# Tomy AFX track From Portugal



## gojohnygo (Jul 19, 2010)

Hello my name is João and i am from Portugal.
I am building a tomy afx track.
Since Tomy afx is so dificult to find in Portugal and it is really expensive to buy things that come from the US, i started to build some.
Since i cant post link or images i show it latter...


----------



## Lype Motorsport (Mar 14, 2004)

*Welcome Aboard!!*

Hi *gojohnygo* :wave:
Welcome to Hobby Talk! The easiest way to post pics is to get a photobucket account, its FREE! :thumbsup: Heres the link http://photobucket.com. Then just post the links from the links below the pics! I cant wait to see your track & cars. 

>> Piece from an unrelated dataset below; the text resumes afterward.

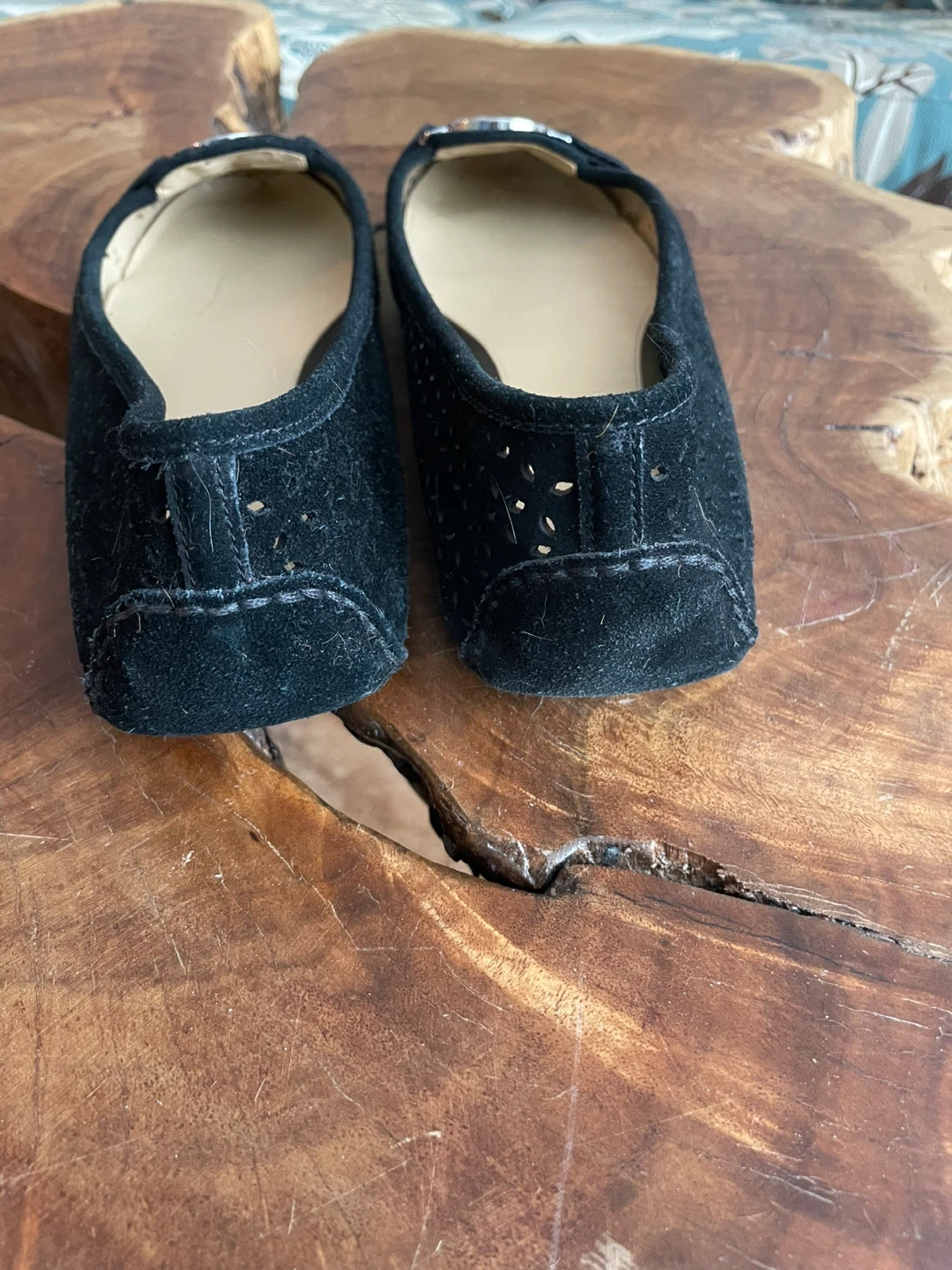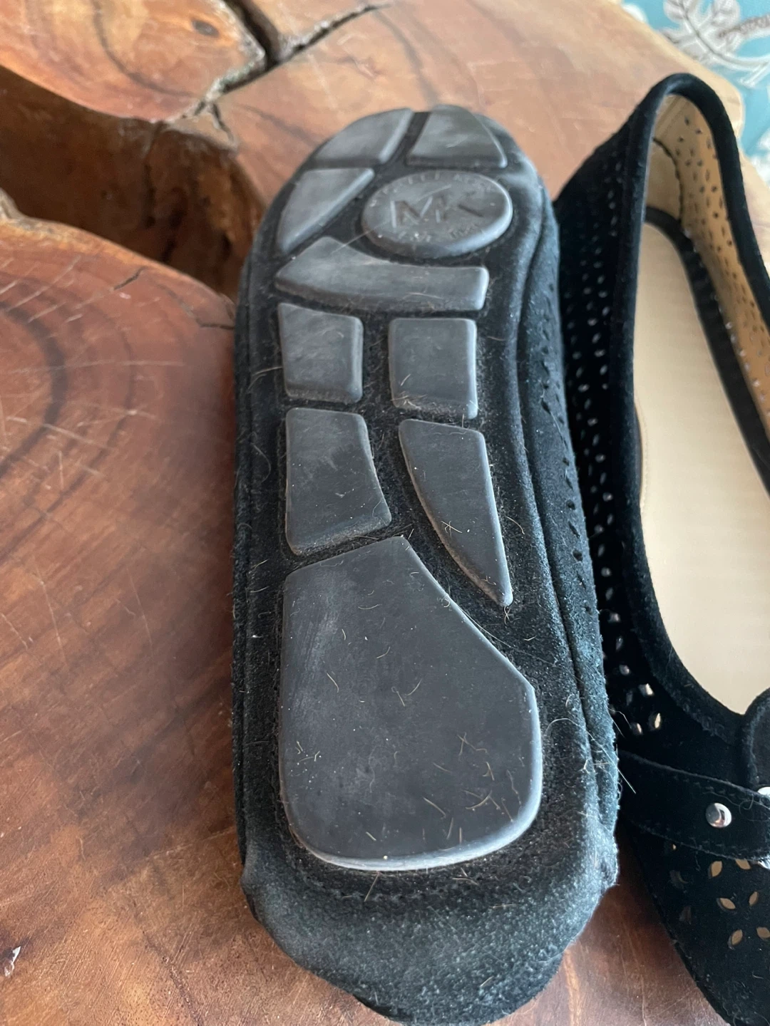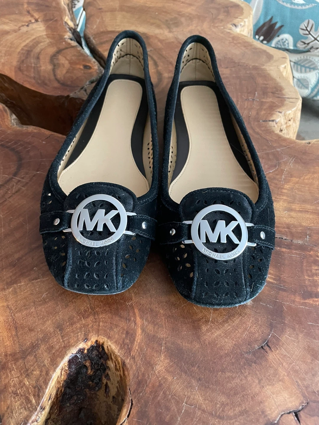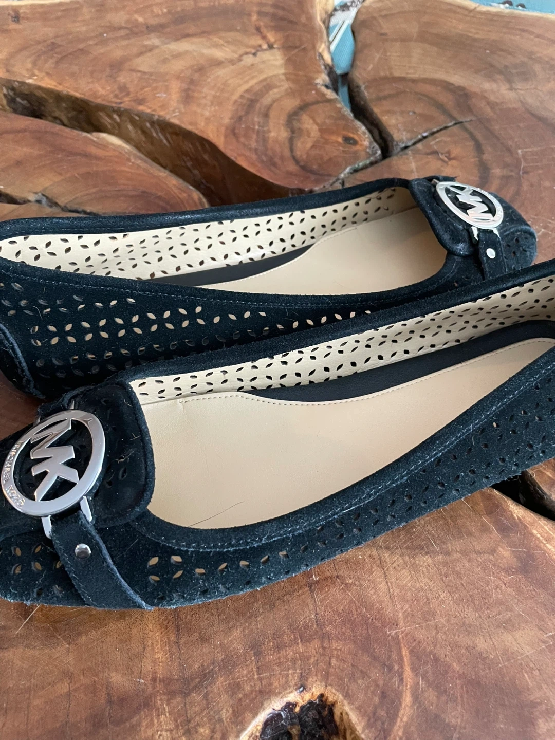 Michael Kors ballet flats in black suede. They feature decorative perforations and a light gold MK logo detail. Authentic purchases at Browns Shoes . These comfortable shoes have never been worn outside. And only worn a few times . They are a pinch large for me.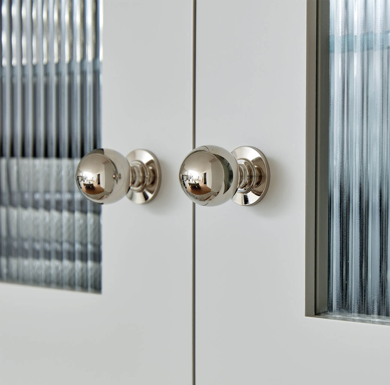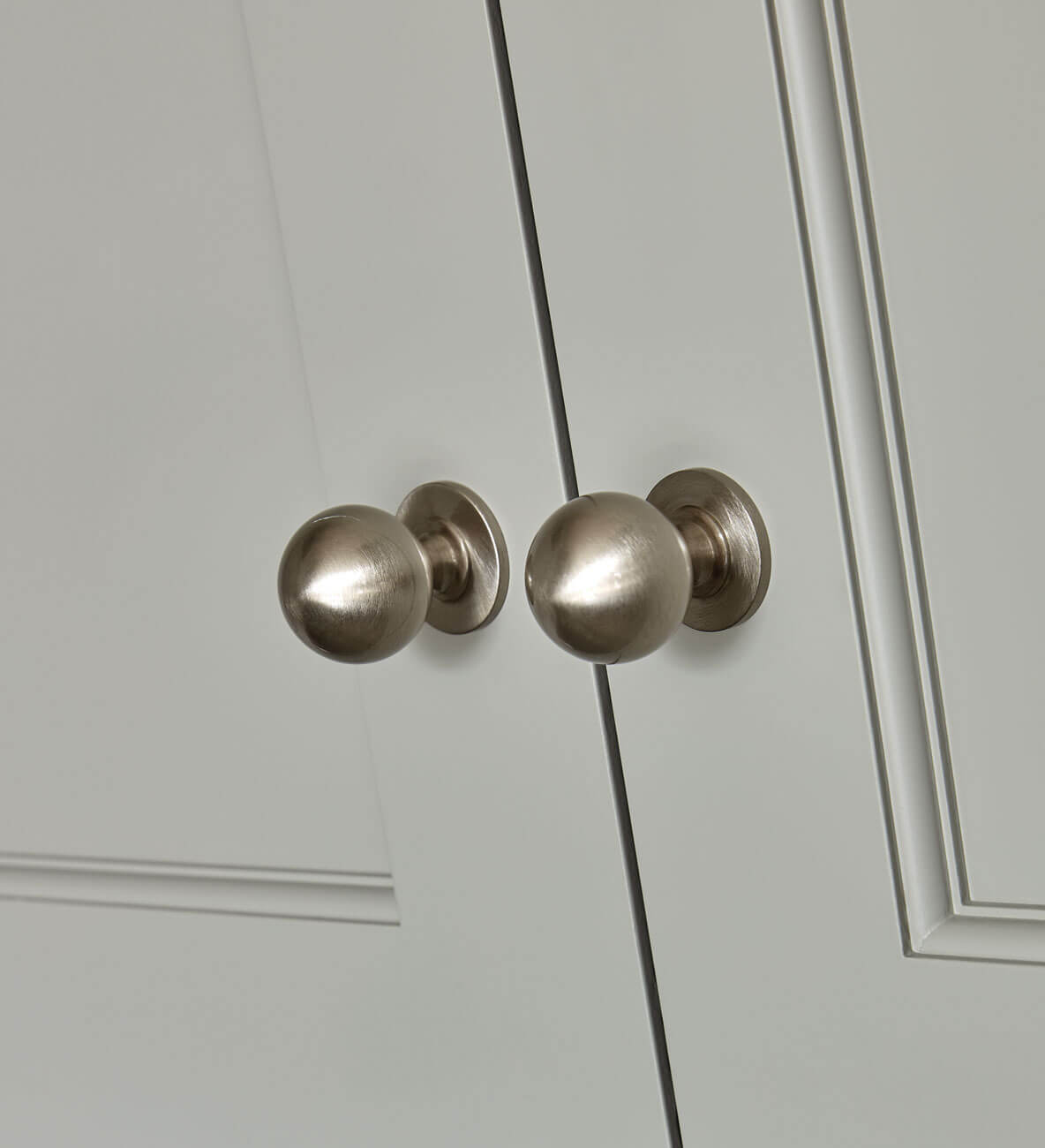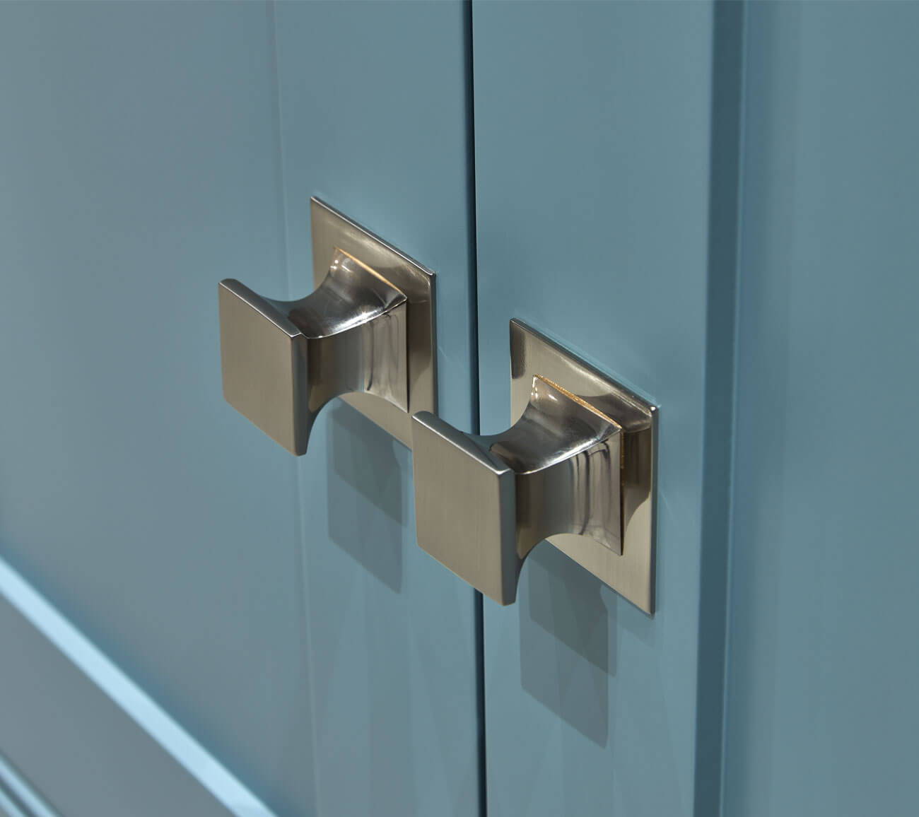 Our exquisite handles can be finished in polished nickel, satin nickel, polished chrome, antique brass, matt gold or matt black, allowing you to match your handles to taps and other elements in your kitchen design. We don’t just stop at helping you select the perfect kitchen door handles to complement your design, everything from finial ends to matching door hinges is considered to complete the overall look.

Best Regards from Daytona Beach, FL
Larry


----------



## NTxSlotCars (May 27, 2008)

Great to see you hear GJG! 
We have chat on Wednesday and Friday nights. Lots of great folks and help here on HobbyTalk.

Mointo bom :thumbsup:


----------



## Lype Motorsport (Mar 14, 2004)

NTxSlotCars said:


> Mointo bom :thumbsup:


I didnt know you were bi.........................lingual. 

Larry


----------



## gojohnygo (Jul 19, 2010)

The pictures from the stuf i buid are in my galery.
Take a look and give some feedback please:thumbsup:


----------



## Rolls (Jan 1, 2010)

Those look great! I especially like the small detailed pieces you made, like the tire rack and those cones. You're off to a great start!


----------



## Lype Motorsport (Mar 14, 2004)

Hi *gojohnygo*
Like Rolls said, very nice work!!!Love the grandstands and tire rack! Please post more when you get a chance. Thanks for sharing!

Larry


----------



## twolff (May 11, 2007)

I don't know if would be less costly than ordering from the US, but I think Tomy/AFX products are available in the UK.

Nice Porsche.


----------



## Slott V (Feb 3, 2005)

Welcome! When I hear the words Portugal and HO slot cars I immediately think of this amazing old track: 

http://www.f1specialties.com/main/racetrack/racetrack.html


----------



## NTxSlotCars (May 27, 2008)

Lype Motorsport said:


> I didnt know you were bi.........................lingual.
> 
> Larry


Still learning. It's supposed to be Muito Bom!!

GJG, 
Grand stands look great! What did you make them out of?
Minha esposa eh Brasileira. Eu estou apredendo Portuguese.
Eu entendo um pouco. Eu gosto da sua pista de corrida!!!
Meu favorito pilito eh Ricardo Pedro, quarenta tres da STP.
Dozentos victorias.
Sete campeonatos.
Rei da NASCAR.

www.northtexasslotcars.com :thumbsup:
(thanks to my wife for spell checking me.)


----------



## demether (Aug 26, 2008)

Hi my european friend ! :thumbsup:

I'm french, but my dad is born in Portugal too ! But sadly, I don't speak portugese


----------



## gojohnygo (Jul 19, 2010)

Slott V said:


> Welcome! When I hear the words Portugal and HO slot cars I immediately think of this amazing old track:
> 
> http://www.f1specialties.com/main/racetrack/racetrack.html


AMAZING TRACK:thumbsup:


----------



## rbrunne1 (Sep 22, 2007)

Love the Porsche! The stands and tire rack look great, too!

Be sure to post more pictures

Bob B.


----------



## Joe65SkylarkGS (Feb 15, 2010)

Welcome from New Jersey.

I bet you can find some track over there. One of my best friends is a native from Portugal. She lives here now. Unbelievable cook!!!!

You never bought anything from the US before??


----------



## Rolls (Jan 1, 2010)

Hi João,

Any new progress you can share? We love what you're doing and want to see more of your good work! 

Thanks!


----------